Short notes

Impulse Invariance Method Short Notes

Before the bilinear transform became the dominant method, DSP textbooks used impulse invariance to design the digital version of a Butterworth LPF for a speech codec — the idea is appealing: make the digital filter's impulse response a sampled version of the analog prototype's impulse response. Applied to a 4th-order Chebyshev analog filter for an 8 kHz sampled telephone speech system, the method works well because speech energy above 4 kHz is negligible, so the aliasing inherent in the method does not cause audible degradation. Whenever the signal is genuinely band-limited to well below fs/2, impulse invariance is valid and straightforward to apply.

ECE, EI

How it works

Design procedure: expand H_a(s) in partial fractions as Σ Ak/(s−sk). The digital filter H(z) = Σ Ak·T/(1−e^(sk·T)·z⁻¹), where T is the sampling period. Each s-plane pole at sk maps to a z-plane pole at e^(sk·T). Poles in the left-half s-plane (Re(sk) < 0) map inside the unit circle, preserving stability.

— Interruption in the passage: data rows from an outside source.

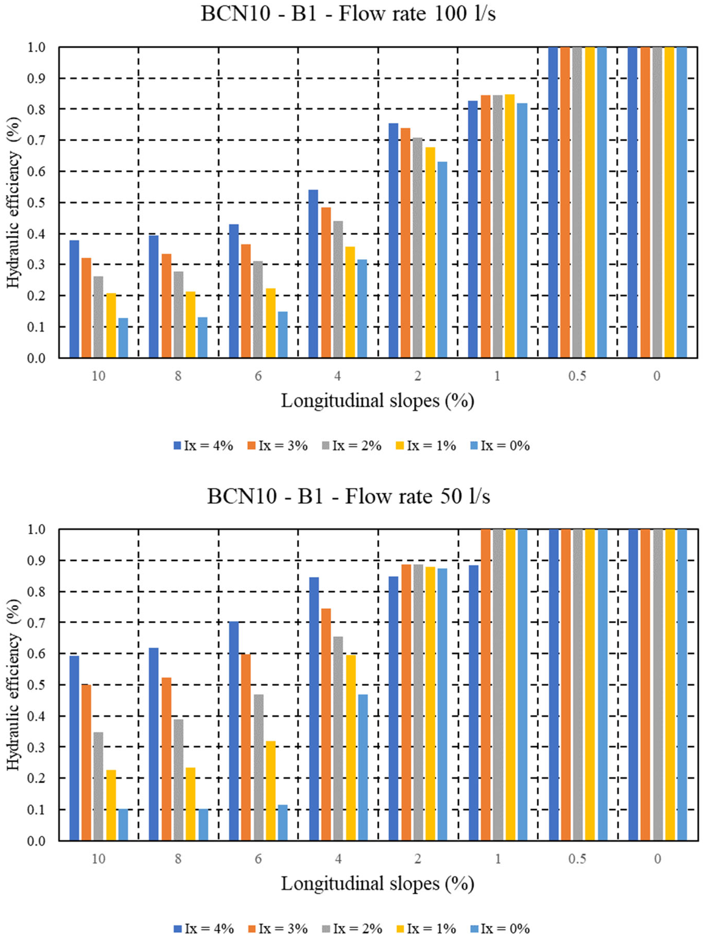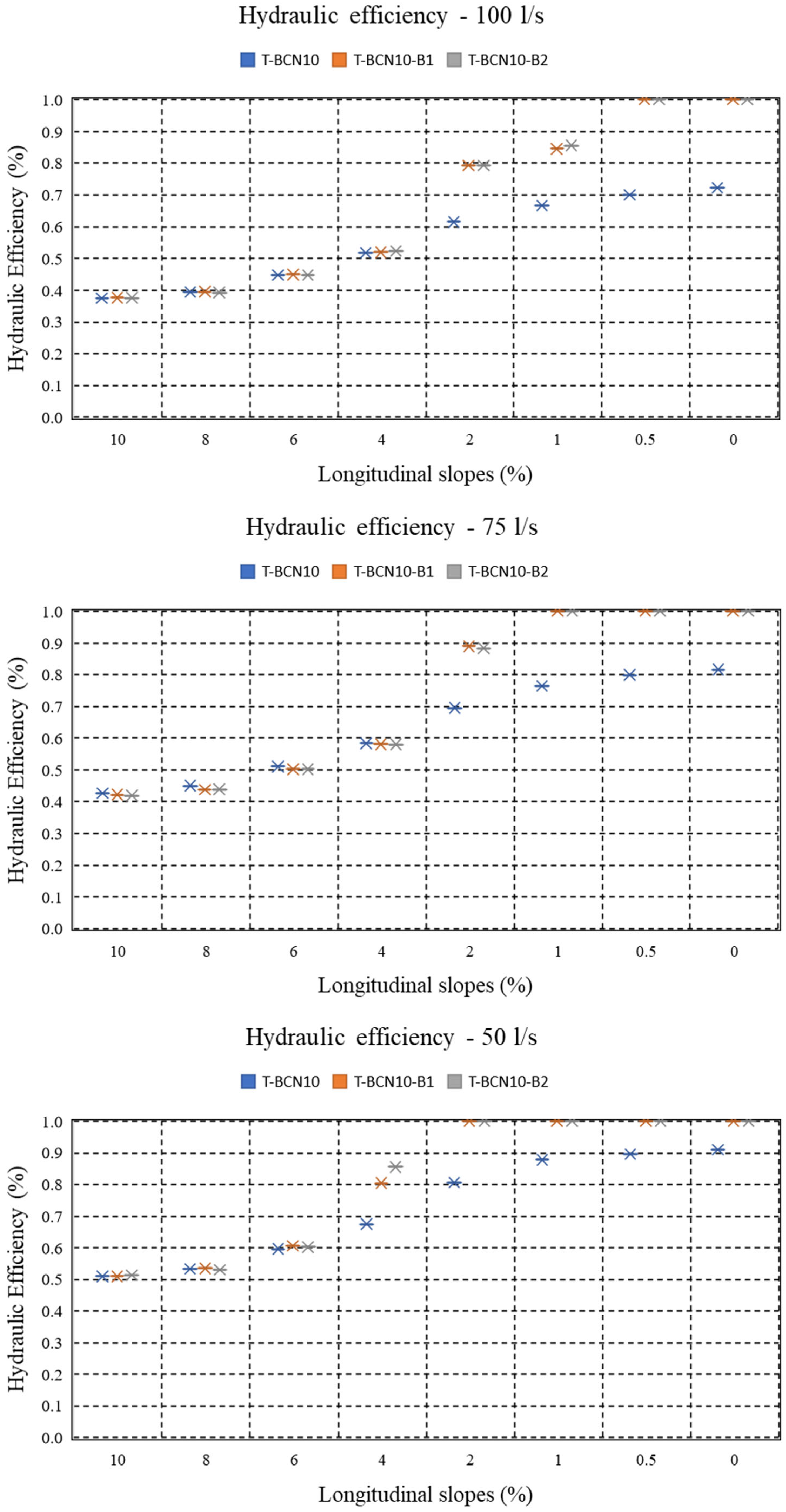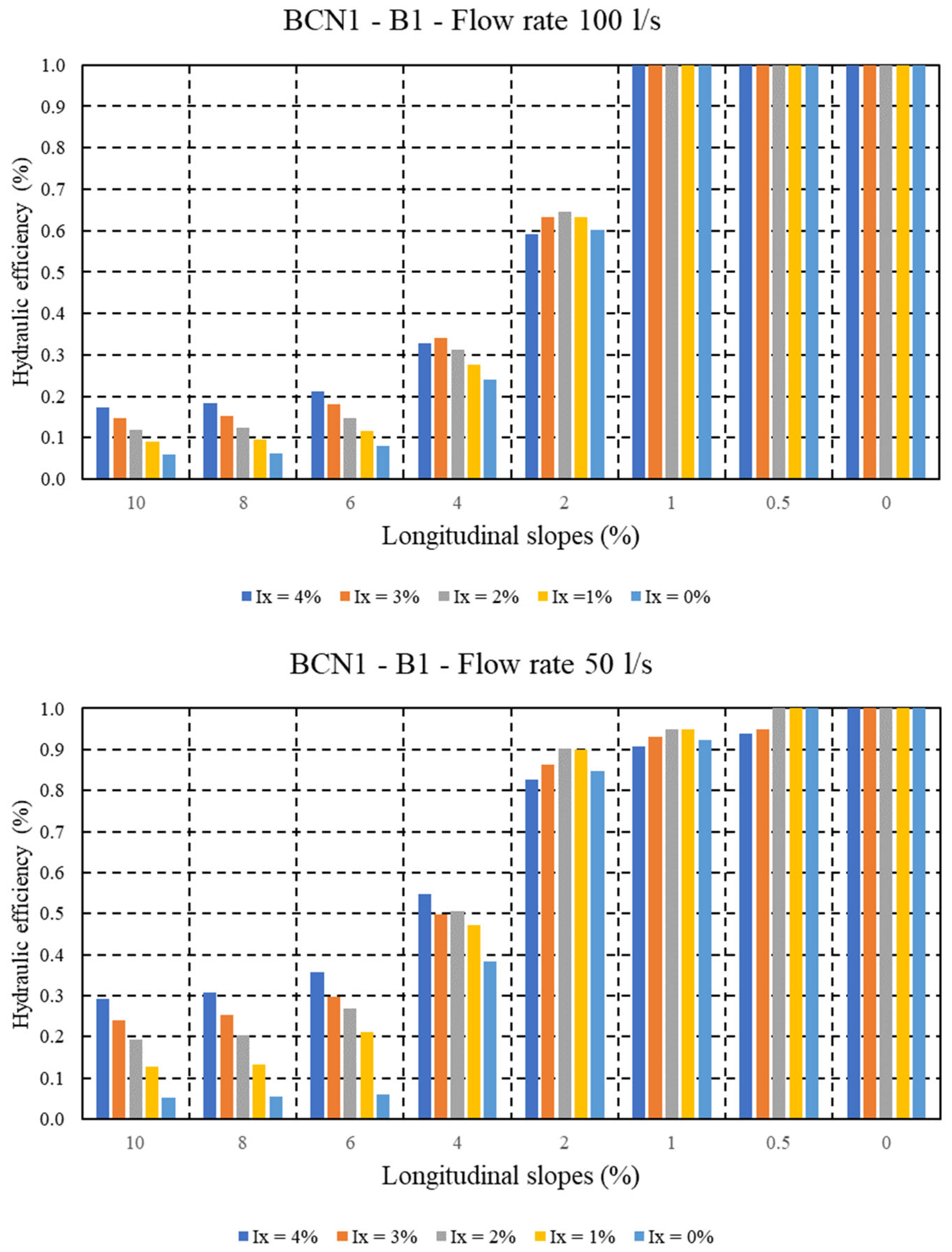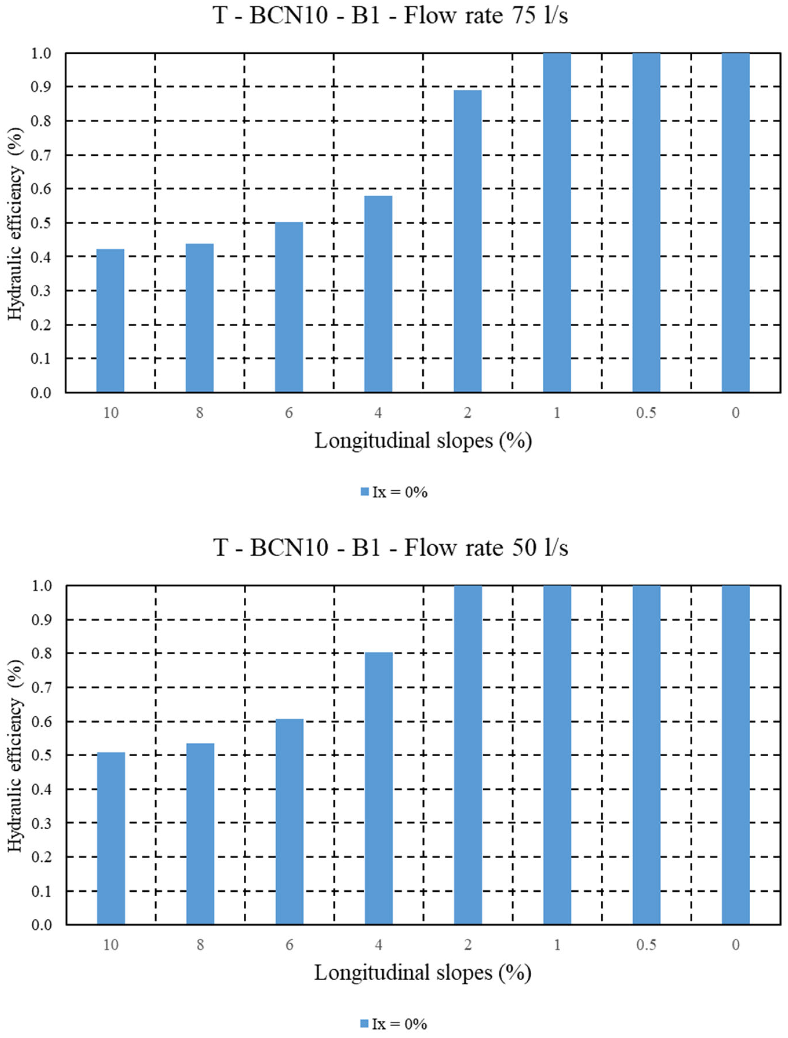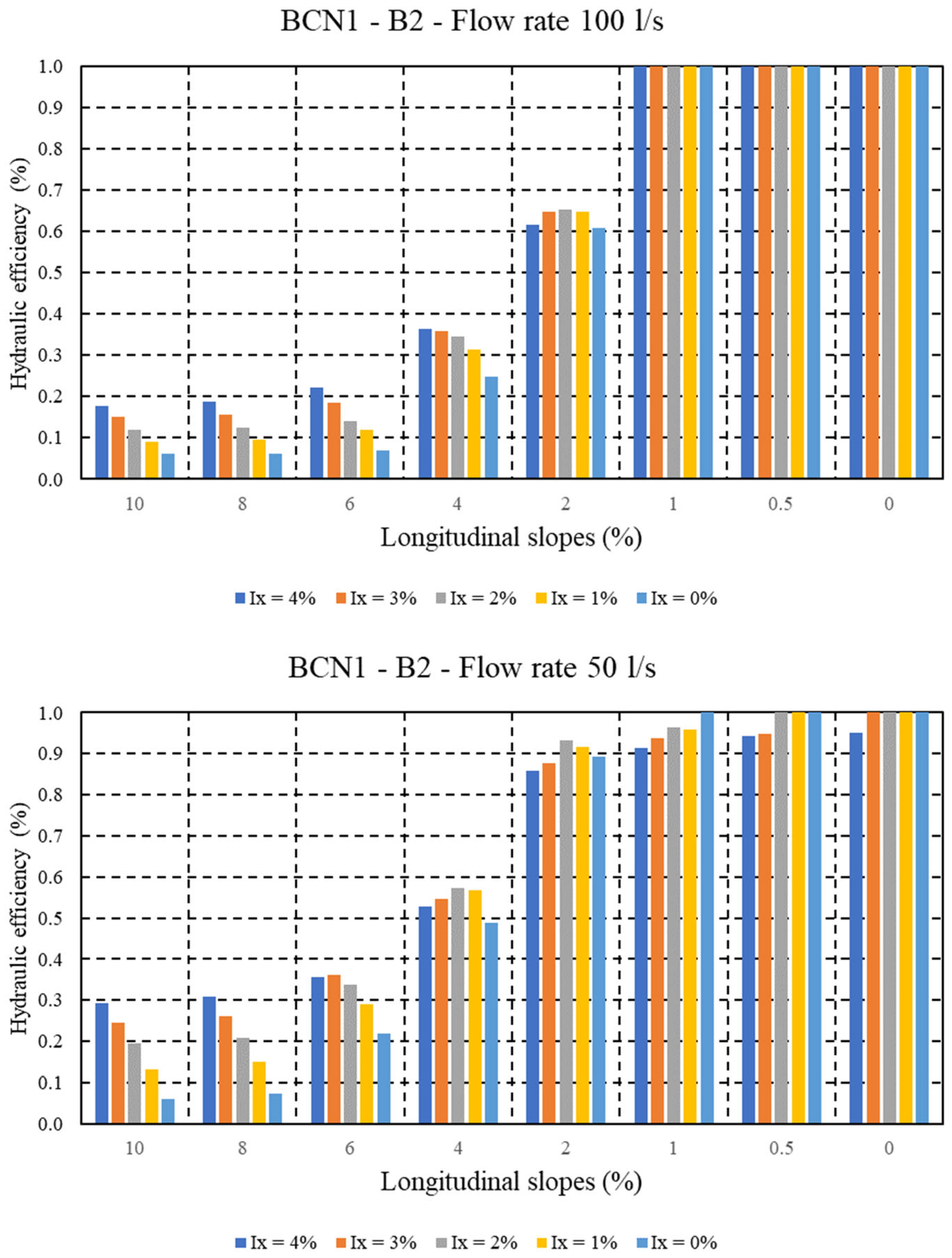 Hydraulic efficiency of the two tested grates (BCN1 and BCN10) was achieved considering several discharge rates circulating on the platform and several longitudinal and transverse slopes, as shown in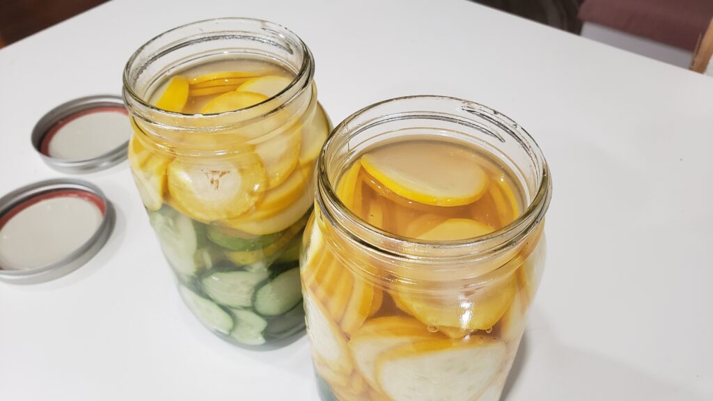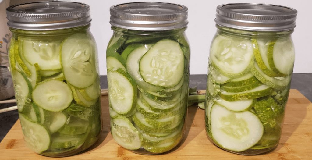 Traditional boiled/canned food can last on a shelf for years. But because this process doesn’t require the seal to be formed, this type of pickling doesn’t last as long. Also, the pickles must be refrigerated at all times so it’s important to keep them in the fridge. From what I’ve seen online, many websites suggest that quick pickles will last a few months. Personally, we pickle 12 jars of cucumbers, 1 for each month, to last us a full year until next pickling season. We have only had one instance where a jar fizzed upon opening that we had to throw out. However, we always do a smell test of the jars as they age to ensure they still smell fresh. It’s important to always trust your gut, and if they smell or taste weird – err on the side of caution and throw them out.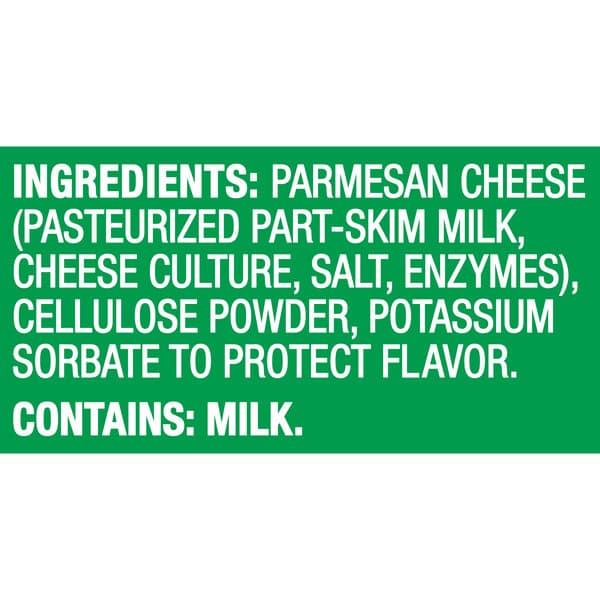 Parmesan Cheese (pasteurized Part-skim Milk, Cheese Culture, Salt, Enzymes), Cellulose Powder, Potassium Sorbate To Protect Flavor.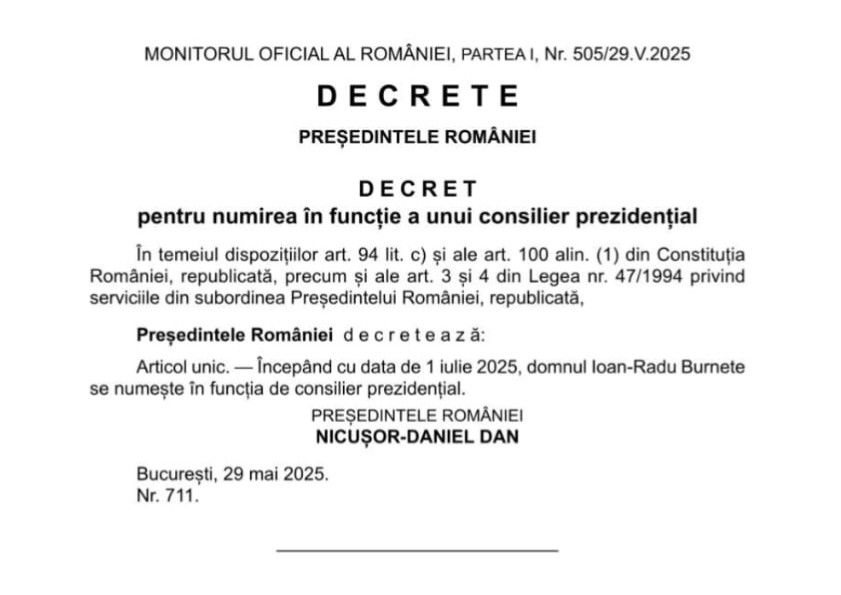 Radu Burnete, directorul executiv al Confederației Patronale Concordia, a fost numit consilier prezidențial de Nicușor Dan. Burnete și își va începe mandatul la Cotroceni la 1 iulie, a anunțat acesta printr-un mesaj pe Facebook, în care a publicat și decretul de numire, publică G4Media.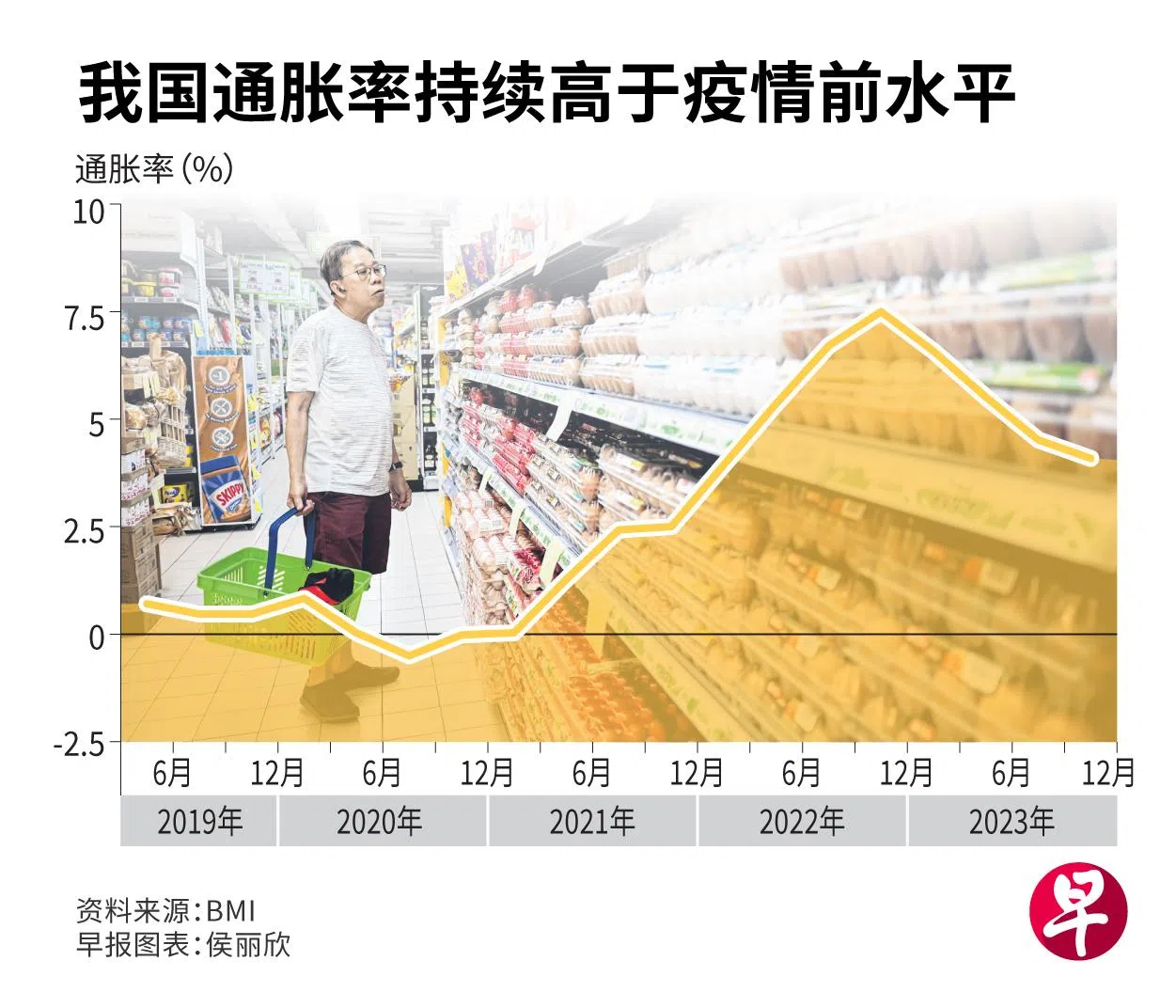 本地物价上涨势头有所放缓,整体通胀率从去年10月的4.7%,跌至11月的3.6%。尽管我国通胀压力放缓,但仍高于2015年至2019年疫情前的水平。在这期间,通胀率平均为0.1%。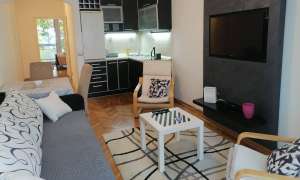 Апартамент Матея расположен на улице Проте Матее в районе Врачар. Рядом находятся Музей Николы Теслы, бульвар Короля Александра, площадь Славия и рынок Каленич, парламент Сербии… В двух комнатах могут разместиться до 4 человек, так как диван в гостиной раскладывается в двуспальную кровать. Кухня и ванная комната оборудованы всем необходимым. Также есть wi-fi, телевизор, утюг, фен, постель, полотенцы… Если вы на машине, вы можете забронировать место в гараже за дополнительную плату в размере 10 евро в сутки.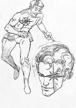 A design for the character of Longshot was put forward by Carl Potts, who outfitted the character in a jumpsuit that Adams thought to be reminiscent of the Starfleet uniforms from Star Trek: The Motion Picture.[2] Nocenti suggested that Longshot look distinct from other superheroes. She prescribed that he be an alien, have only four fingers on each hand, and has an unusual spine, though this last trait was not mentioned in the comics.[4] Adams created his own design, and wanting to distinguish the character visually, based his mullet haircut on that of musician Limahl, as no other major Marvel character had such a haircut.[2] Adams, who disliked the practice of having characters produce weapons and other devices from their boots or secret pockets that had never before been established, decided to include some pouches on the character's belt, a practice that influenced the artwork of the founders of Image Comics.[5] Nocenti came up with the idea of having Longshot's left eye glow when he uses his power for noble causes: "I was living in a loft on 26th and Sixth and we had a one-eyed cat. I'd go out at night and I'd see this one eye [glowing in the dark]."[6]

The frequency response of the digital filter is H(e^(jω)) ≈ (1/T)·Σ Ha(j(ω−2πk)/T), showing that the digital response is the sum of shifted copies of the analog response — this aliasing is unavoidable and worsens as the analog filter's stopband attenuation is insufficient before the first alias appears at ω = π.

Key points to remember

Aliasing is the fundamental limitation of impulse invariance: the method cannot be used for high-pass or band-stop filters because their magnitude response does not decay to zero before fs/2, causing severe aliasing of the stopband into the passband. Impulse invariance preserves the shape of the impulse response and matches the analog frequency response well at frequencies well below π/T. The bilinear transform is preferred in modern design precisely because it eliminates aliasing at the cost of frequency warping. Both methods give the same filter order as the analog prototype. For a Butterworth analog prototype, the partial fraction expansion always has N distinct poles, each contributing one first-order section; pairing complex conjugate poles gives biquad (second-order section) implementations.

Exam tip

The examiner always asks you to compare impulse invariance and bilinear transform on four criteria — aliasing, frequency warping, suitable filter types, and stability preservation — write these four rows as a table and fill each cell concisely before writing any derivation.